Cuando miró hacia arriba se dio cuenta de que había dos cuervos dando vueltas. Entrecerró los ojos ante la luz del sol, sin poder darse diferenciar cuál era el animal que lo seguía y cuál era el nuevo. Cuando decidió que no le iba a dar mayor importancia, ambas aves decidieron bajar a hacerle compañía también, y reconoció entonces a su visitante.

Sólo había una persona en la tierra capaz de ponerle joyas a un cuervo.

—¡Tengen-sama lo invita a pasar una temporada en su finca! —dijo el cuervo, luciendo sus brillantes piedras—. ¡Deben venir!

—A mí nadie me da órdenes, estúpido pájaro —se quejó el albino, dándose media vuelta, aunque algo le decía que el animal no se daría por vencido tan fácil.

En efecto, apenas comenzó a caminar el ave volvió a volar también, colocándose frente a sus ojos. Las joyas que caían por los costados de su pequeño rostro brillaban mientras agitaba sus alas.

—¡Debe venir, debe venir! ¡Tengen-sama lo está invitando! —Pero el joven sólo movió su mano para apartar al cuervo negro, quien volvió a posicionarse frente a él—. ¡Debe venir!

—Que me dejes en paz, te digo. —Sanemi miró a su propio cuervo, como si esperara que éste le ayudara, pero su animal hizo todo lo contrario.

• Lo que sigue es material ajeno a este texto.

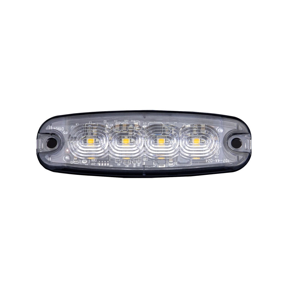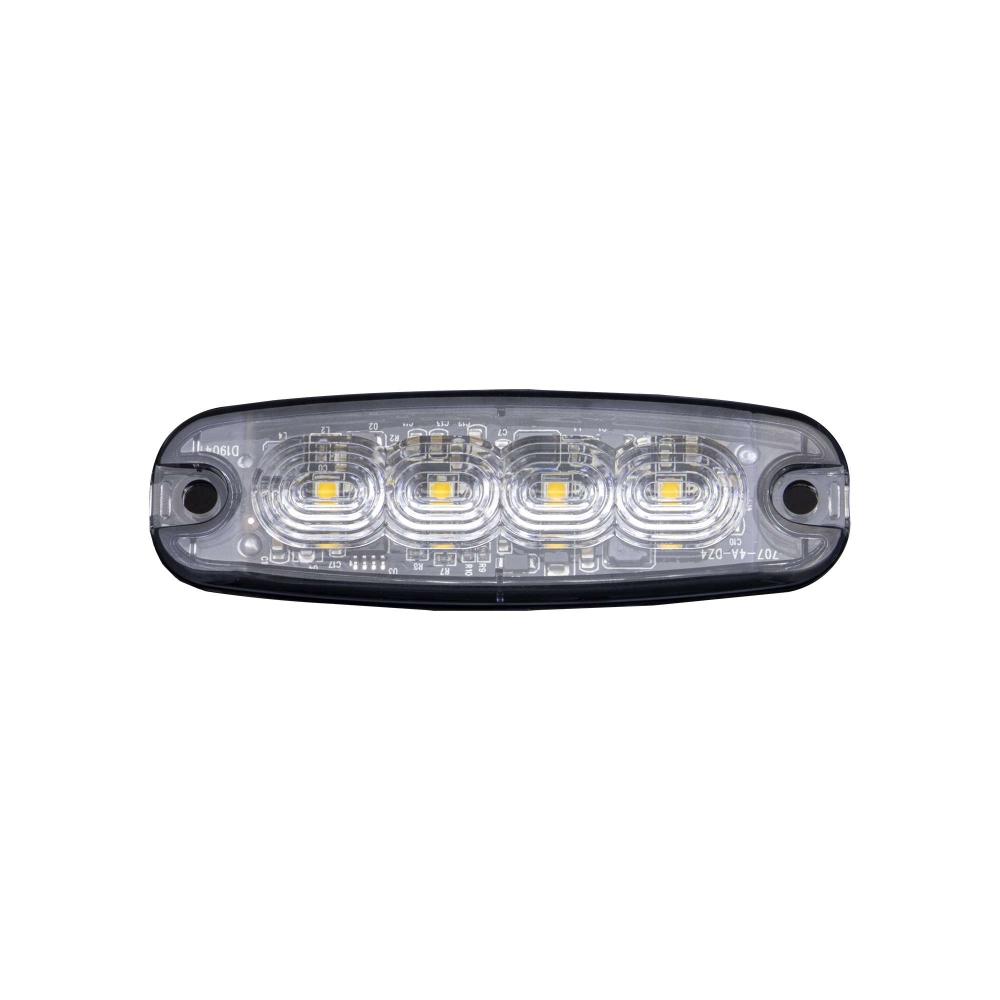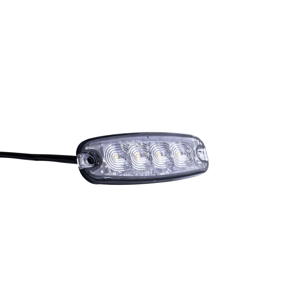 Lynlys i en ekstremt slank udgave med 4 LED'er. Rund tiltalende form med usynlige kanter, der smelter godt ind i køretøjets underlag. Design og funktion i ét produkt. ECE R65, EMC ECE R10. 400 mm kabel. To andre størrelser indgår i serien – 3 og 6 LED.
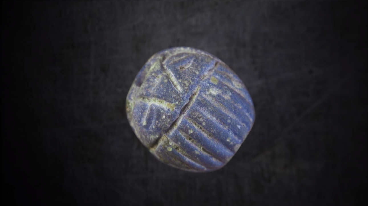 Підвіска виготовлена з темно-синього єгипетського фаянсу і колись була частиною намиста зі скляними пронизками. У релігії Давнього Єгипту скарабей був символом бога сонця – Хепрі.
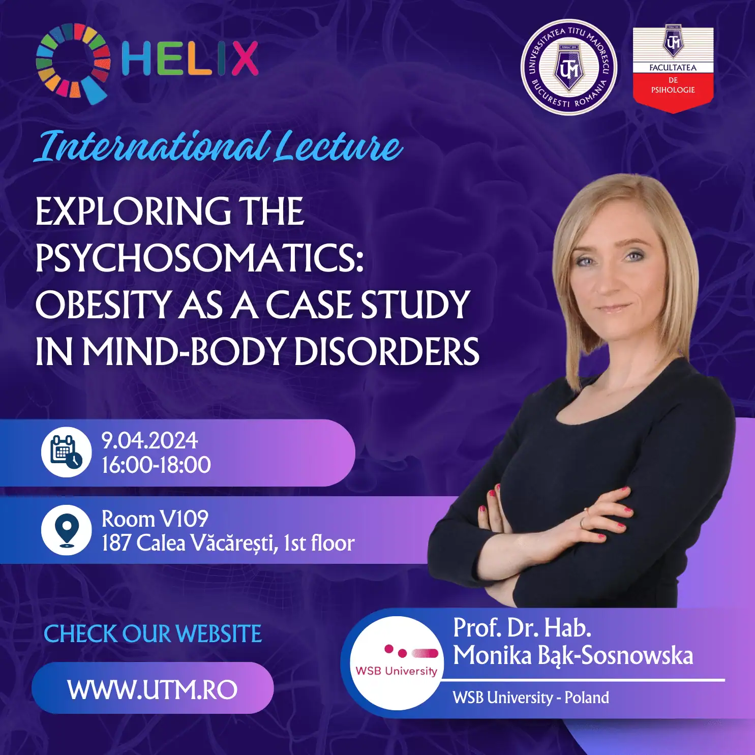 Invitatul nostru special este Prof. Dr. Hab Monika Bąk-Sosnowska, director al Centrului de Psihosomatică și Îngrijire Preventivă a Sănătății de la Universitatea WSB* din Polonia.
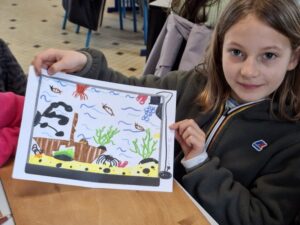 • Le mystère de la mouette : Notre mascotte Gwenn avait perdu son ami. Grâce à un plan et des indices sur la forme du bec, des pattes, l’envergure des ailes et le régime alimentaire nous avons identifié et retrouvé son ami : le goéland argenté (reconnaissable à la tache rouge sur son bec !).
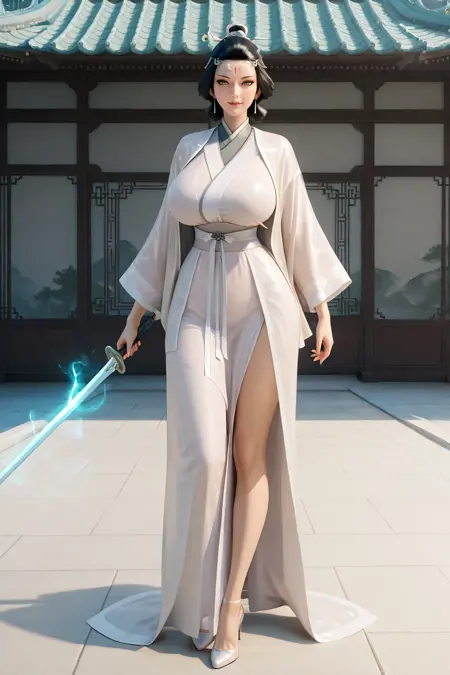 shuiyue, grey eyes, black hair, forehead mark, hair bun, white hair ornament, hair stick, earrings, jewelry, chinese clothes, hanfu
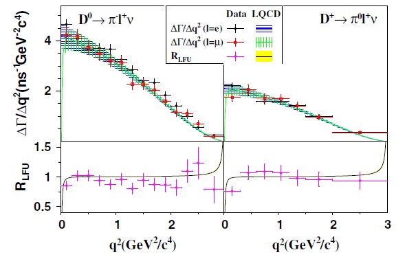 在Phys. Rev. Lett.121, 171803 (2018)的工作中,精确测量了半轻衰变过程D®pmvm的分支比,联合D®peve的测量结果,检验了粒子物理标准模型中的轻子普适性定理。此前,BABAR, BelleLHCb国际合作组在B介子衰变中发现了轻子普适性破坏的迹象,意味着可能存在超出标准模型的新物理。本工作利用BESIII实验上的大量D介子样本,以最高精度在D介子衰变中对轻子普适性定理进行验证,为寻找超出标准模型的新物理提供了重要实验信息。
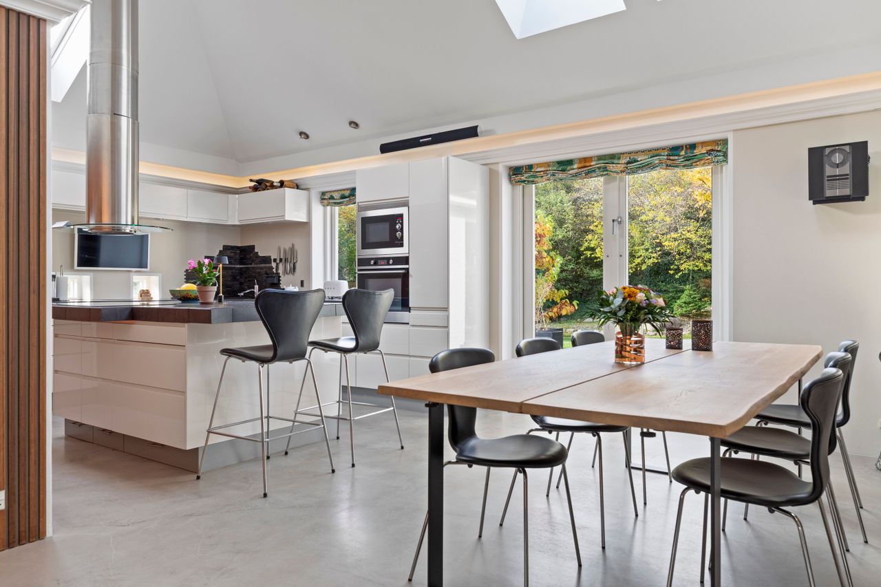 Her er så mange smukke og unikke detaljer: de gennemgående kvalitetsgulve, de særligt udvalgte fliser, nicherne, det indbygget lys alle steder, stilen er bare så fin. Det enestående, virkelig store leverum samler det hele – køkken, alrum og stue i en bevægelse helhed. I Køkken/alrummet løfter loftet sig til kip og ovenlysvinduerne lader lyset falde blødt ned. Det hvide, grebsfrie køkken med flot massiv mørk bordplade og en stor køkkenø, vær med under madlavning fra højstolene. Middage med snak og latter kommer af sig selv, når det store spisebord får lov at være samlingspunktet. De store vinduespartier og udgangen mod terrassen inviterer haven ind, og dagslyset bevæger sig over gulvene i løbet af dagen. Dejlig stue, hvor zonerne fordeler sig naturligt: den murede pejs med bænk til roen, sofahjørnet med tv og den indbyggede reol, og glaskarnappen, hvor lyset bliver blødere om aftenen. Alt hænger sammen uden at miste sin egen plads. Forældreafdelingen er som en suite for sig. Soveværelset har direkte adgang til badeværelset, der er skabt til langsomme morgener og aftener. Hjørnebadekaret indbyder til ro og varme, brusenichen bag glas giver et klart og enkelt udtryk, og de dobbelte håndvaske får hverdagen til at glide. Den store værelsesafdeling rummer tre gode værelser – rum til søvn, leg og lektier, og til at lukke døren, når der er brug for det. Hertil et badeværelse og et gæstetoilet, så funktion og rytme følger familien naturligt. En trappe fører op til et ekstra værelse (ikke godkendt) under taget – lille, hyggeligt og perfekt til fordybelse eller leg.

—¡La residencia de Uzui-sama está en esta dirección! —indicó el ave, quien sumaba su aleteo y su fastidiosa voz a la de su compañero de especie.

Sanemi suspiró, pero se negó a dar su brazo a torcer. Al cabo de unas horas, incluso los pájaros se cansaron de molestarlo y se instalaron cerca del fuego que había encendido para pasar la noche, en un absoluto silencio.

El crepitar de las llamas lo acunó y facilitó su sueño, sin embargo, al despertarse agitado y con lágrimas en las mejillas, Sanemi vio claramente cómo los pequeños ojos oscuros que lo veían, a pesar de que el fuego ya se había extinguido.

A la mañana siguiente se preguntó cuántas veces podría ser vencido por un cuervo.